The Us has 16 intelligence agencies, which include the Central Intelligence Agency (CIA), the Federal Bureau of Investigation (FBI), the Pentagon, and the Homeland Security Department.
Around 80 percent of the intelligence budget is consumed by the Pentagon intelligence agencies, including the National Security Agency, the National Reconnaissance Office, National Geospatial Intelligence Agency and the Defense Intelligence Agency, AP reported.
According to the Office of the Director National Intelligence (ODNI), the budget has grown for two years running, from $43.5 billion in 2007 to $47.5 billion in fiscal 2008.
The ODNI has refused to provide any other specific details on how much each agency spends and on what, saying the release of such information "could harm national security."
Budgets for the United States' 16 intelligence agencies and their 200,000 employees were a closely-guarded secret until 2007.
Under a law passed that year, however, the US secret intelligence community has been required to disclose the annual budget.

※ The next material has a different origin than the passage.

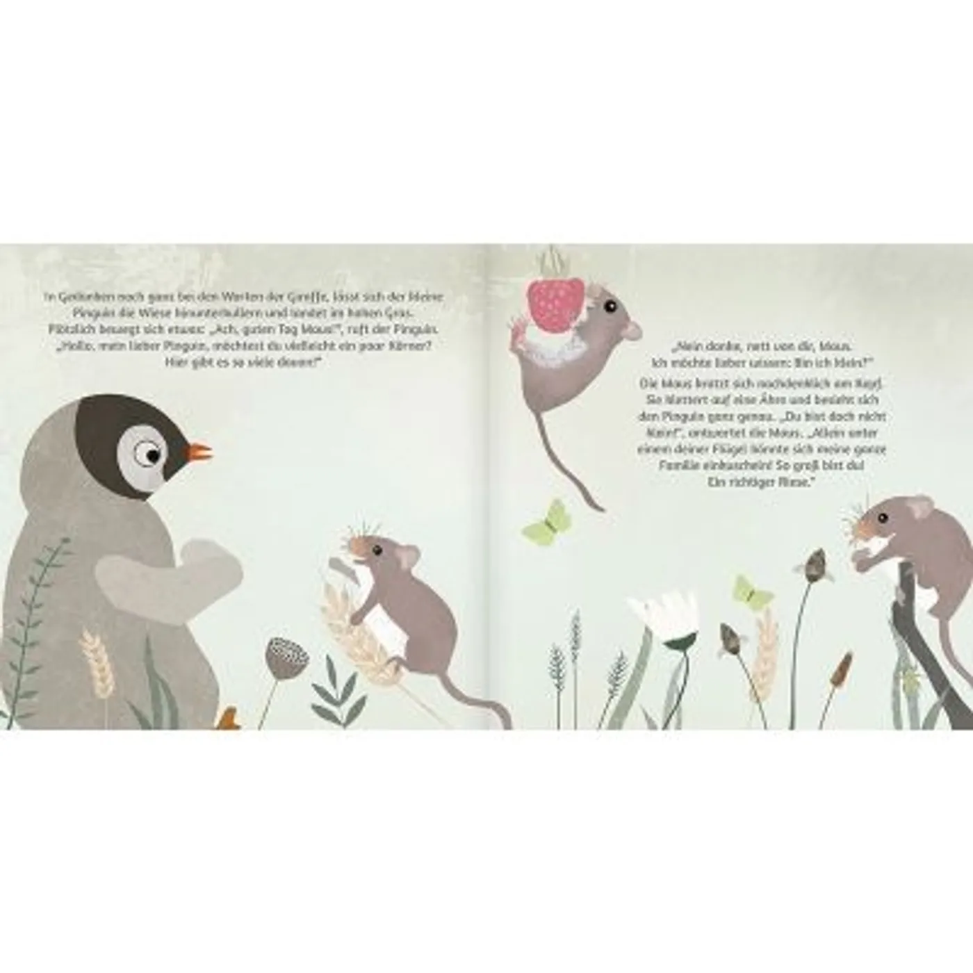 Grundlage der Geschichte ist der Wert der Schöpfung der eigenen Person, wie er schon in der Bibel in Jesaja 64,7 vermittelt wird. Dieser Bibelvers wird auch zu Beginn des Buches zitiert. Danach folgt die Geschichte um den kleinen Pinguin, der sich fragt, wie er denn eigentlich ist. So besucht er auf seinem Spaziergang die große Giraffe und erkundigt sich, ob er denn auch groß ist. Aber das verneint die Giraffe. Nun besucht der Pinguin noch weitere Tiere und versucht durch Vergleiche herauszubekommen, wie er denn nun ist. Doch er muss lernen, dass die Antwort gar nicht so einfach ist, denn er ist nicht so wie die anderen Tiere.

The Clinton administration voluntarily disclosed the budget in 1997 and 1998. It was then $26.6 billion and $26.7 billion, respectively.
That is a 50% increase in 10 years!
OMG. Where did this come from??
Many famous people have said that spending resources to create things that get blown up is the worst sort of economics- no increased productivity, no improved infrastructure, not even a consumption benefit.
"military spending increases unemployment and decreases economic growth."
This would be relative since defense contractors are notoriously bloated, inefficient and overpaid. Anyone fro a $5K toilet seat??